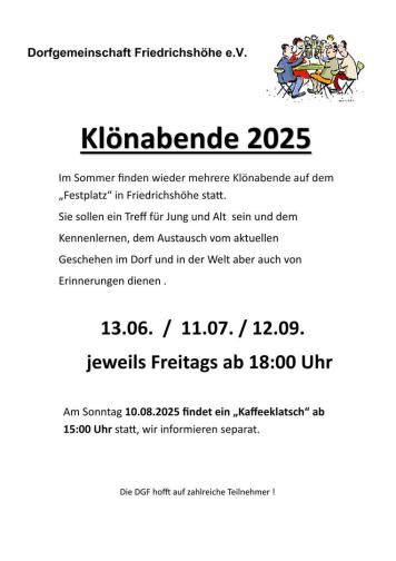 Wir treffen uns regelmäßig zu unterschiedlichen Veranstaltungen. Hier tauschen wir uns aus, sitzen gesellig zusammen und treffen für unseren Verein wichtige Entscheidungen. Wir freuen uns, wenn Sie einmal dazu stoßen und an einer regen Diskussion unter Freunden teilnehmen. Besonders willkommen sind auch die Kinder und Jugendlichen unseres Dorfes.
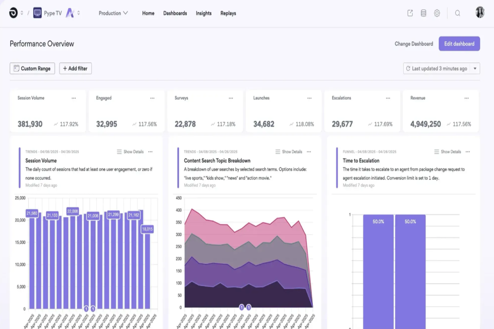 - AI-powered text analytics, speech analytics, and role-based dashboards
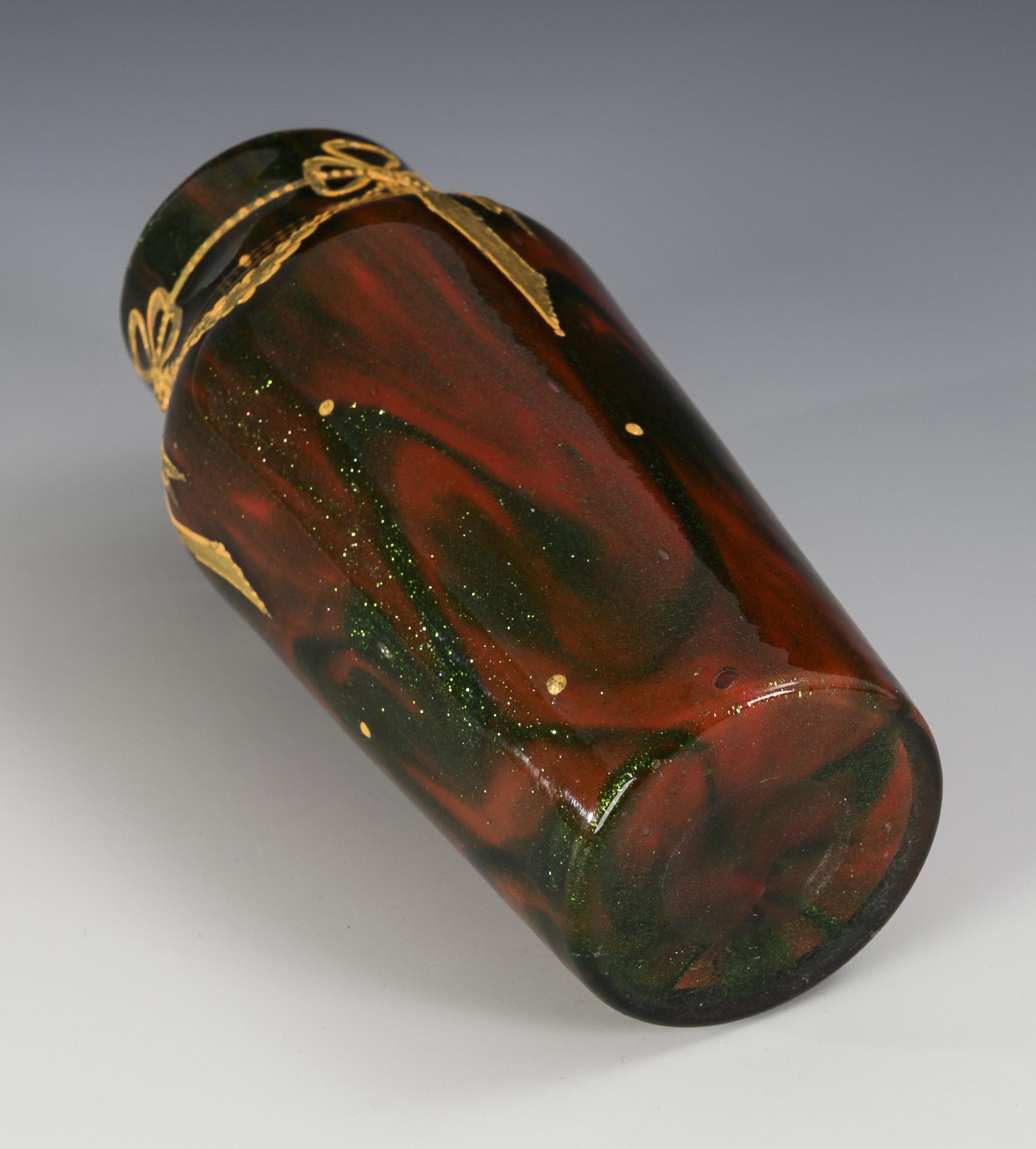 Opakrotes, mit grünen Aventuringlasfäden marmoriertes, farblos überfangenes Glas. H 14 cm.
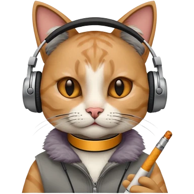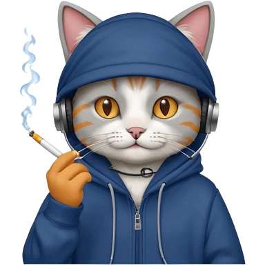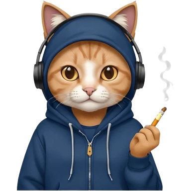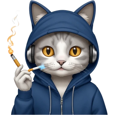 cat in headphones, in a dark-blue almost black oversized hoodie with a cigarette in his hand, more apple-like emoji emoji | AI Emoji Generator

- TASK GOAL
These lines alone form the answer: the one containing "Opakrotes, mit grünen" and every line after it through the end of the material, exactly as written, pictures left out.

- EXPECTED OUTPUT
 Opakrotes, mit grünen Aventuringlasfäden marmoriertes, farblos überfangenes Glas. H 14 cm.
 cat in headphones, in a dark-blue almost black oversized hoodie with a cigarette in his hand, more apple-like emoji emoji | AI Emoji Generator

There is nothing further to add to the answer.